The applicant also complains under Articles 6 and 13 that he had no effective remedy from the decisions of the Penitentiary Commission imposing on him the special regime and that the proceedings were unfair. He submits the he was no real justification for the imposition of the regime on him and that the commission based on press articles containing untrue information about his criminal activities. The applicant further complains that his appeal against the decision to extend the regime of 10 April 2012 was examined only on 1 August 2012, while it the meantime another decision extended application of the dangerous detainee regime on him on 6 July 2012.
QUESTIONS TO THE PARTIES
1. Having regard to the cumulative effect of the “dangerous detainee” regime imposed on the applicant from 19 May 2005 and 27 March 2013, has he been subjected to treatment contrary to Article 3 of the Convention?
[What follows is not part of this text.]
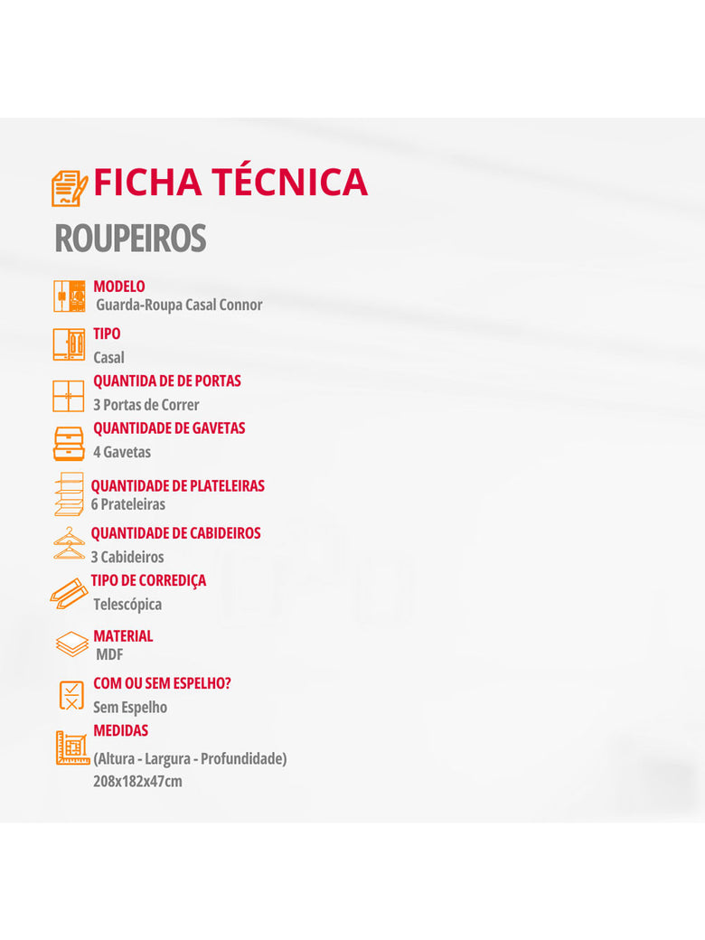 Guarda Roupa Casal Connor 100 MDF 3 Portas 4 Gavetas e 6 Prateleiras Moderna Mobília

The parties are requested to refer in their observations to the leading judgment of Piechowicz v. Poland , no. 20071/07, 17 April 2012.
2. Having regard to the applicant ’ s complaint about a lack of fair trial in the proceedings before the penitentiary commission and a lack of an effective remedy against the decisions of the penitentiary commission to impose and extend the dangerous detainee regime:
a) Did the applicant have a fair hearing in the determination of his civil rights and obligations in accordance with Article 6 § 1 of the Convention? Reference is made to the case of Enea v. Italy [GC], no. 74912/01, § 107, ECHR 2009.
b) Did the applicant have at his disposal an effective domestic remedy as required by Article 13 of the Convention?
The Government are invited to submit a copy of the reasoned judgments given in the criminal proceedings against the applicant (of 18 May 2005, 21 September 2005 and 5 November 2007) and copies of decisions of the Remand Centre Penitentiary Commissions given between 2005 and 2010 as well as copy of the decision of 27 March 2013 lifting the regime.